- [Directions]
Please transcribe the listing below in full and word for word, without its pictures.

- [Data block]
------------------------------------------------------------

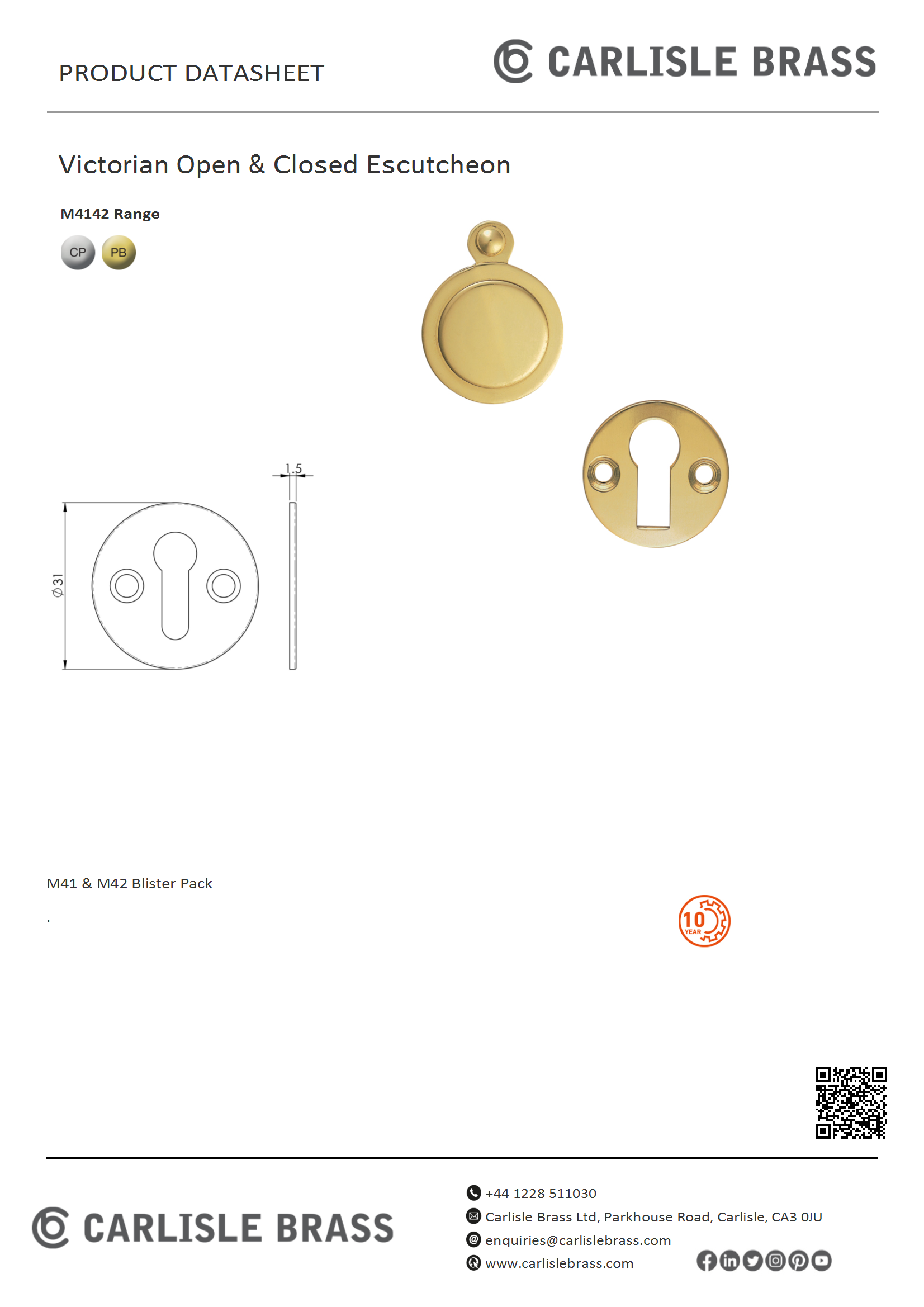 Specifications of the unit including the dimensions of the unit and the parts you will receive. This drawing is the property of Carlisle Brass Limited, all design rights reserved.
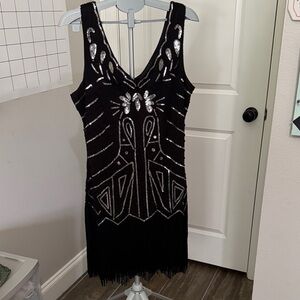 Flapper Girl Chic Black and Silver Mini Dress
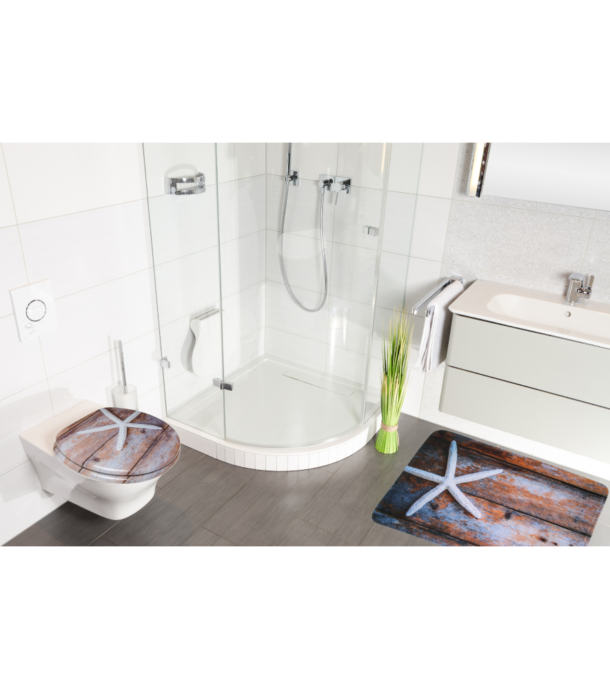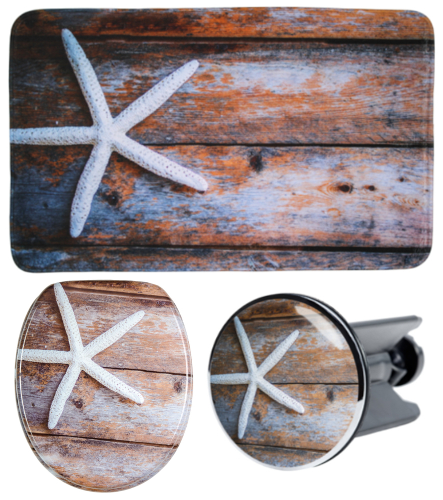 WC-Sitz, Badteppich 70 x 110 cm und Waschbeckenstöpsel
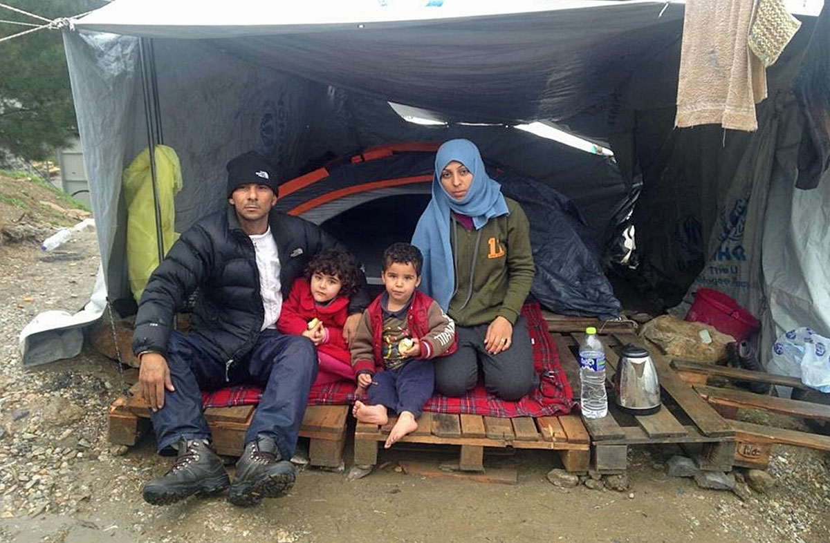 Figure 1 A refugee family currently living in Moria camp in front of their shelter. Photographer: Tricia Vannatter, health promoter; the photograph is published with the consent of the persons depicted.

------------------------------------------------------------

- [Response area]
 Specifications of the unit including the dimensions of the unit and the parts you will receive. This drawing is the property of Carlisle Brass Limited, all design rights reserved.
 Flapper Girl Chic Black and Silver Mini Dress
 WC-Sitz, Badteppich 70 x 110 cm und Waschbeckenstöpsel
 Figure 1 A refugee family currently living in Moria camp in front of their shelter. Photographer: Tricia Vannatter, health promoter; the photograph is published with the consent of the persons depicted.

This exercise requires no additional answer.